The jury was particularly impressed by the sustainability and consistency with which Triebskorn committed itself to the public and by the breadth of its communicative activities. This included public lectures, political advice and media interviews, the children’s university, but also her cooperation with the Science Media Center as an important mediation platform for science communication.

Rita Triebskorn studied biology and German studies at the University of Heidelberg to teach at secondary schools, where she received her doctorate in zoology in 1990. She then worked as a scientist for the Swiss chemical and pharmaceutical company Lonza and at the University of Hohenheim. Since 1995 she has been working at the University of Tübingen in the teaching and research area of ​​physiological ecology of animals, where she deals with topics in applied environmental protection. She habilitated in zoology in 1999 and was appointed associate professor in 2006. At the same time, she has headed the Steinbeis Transfer Center for Ecotoxicology and Ecophysiology in Rottenburg since 2000.
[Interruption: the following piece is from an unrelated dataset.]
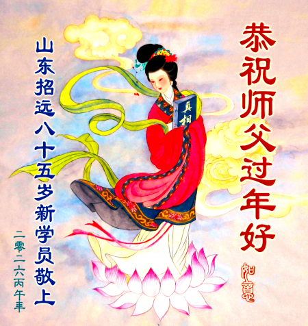 Một đệ tử Đại Pháp 93 tuổi mới đắc Pháp tại Chiêu Viễn, Yên Đài, Sơn Đông chúc Tết Sư phụ!
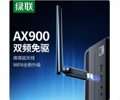 首页 / 办公自动化设备 / 计算机网络设备 / 无线网卡 / 绿联USB无线网卡WiFi6免驱 AX900双频5G 台式机专用WiFi接收器 电脑笔记本无线网接收器外置高增益天线

The young researcher Auguste Schulz is honored for her activities in teaching artificial intelligence and machine learning. This included, among other things, setting up a local group in Tübingen for the nationwide initiative “KI macht Schule”, whose target group are middle and high school students. Schulze designed and organized visits by AI researchers to schools as well as school trips to the AI ​​campus of the University of Tübingen.

In this context, the jury particularly emphasized the young researcher’s commitment to children from families without an academic background: “Teaching schoolchildren basic knowledge about artificial intelligence and technologies based on it such as ChatGPT or Dall-E2 is of great importance for our society. The mastery of such tools as well as the knowledge of their possibilities and limitations will be a factor in the future that will essentially determine the social participation of each individual.”

Auguste Schulz studied physics in Heidelberg and London and then neuroengineering in Munich. Since autumn 2020 she has been working as a doctoral student at the University of Tübingen in the working group of Jakob Macke, Professor for Machine Learning in Science. The young scientist is doing her doctorate at the interface between neuroscience and machine learning. As part of her doctoral thesis, she is developing statistical methods that make it possible to understand how the activity of neurons in the brain is related to behavior, such as complex movement sequences.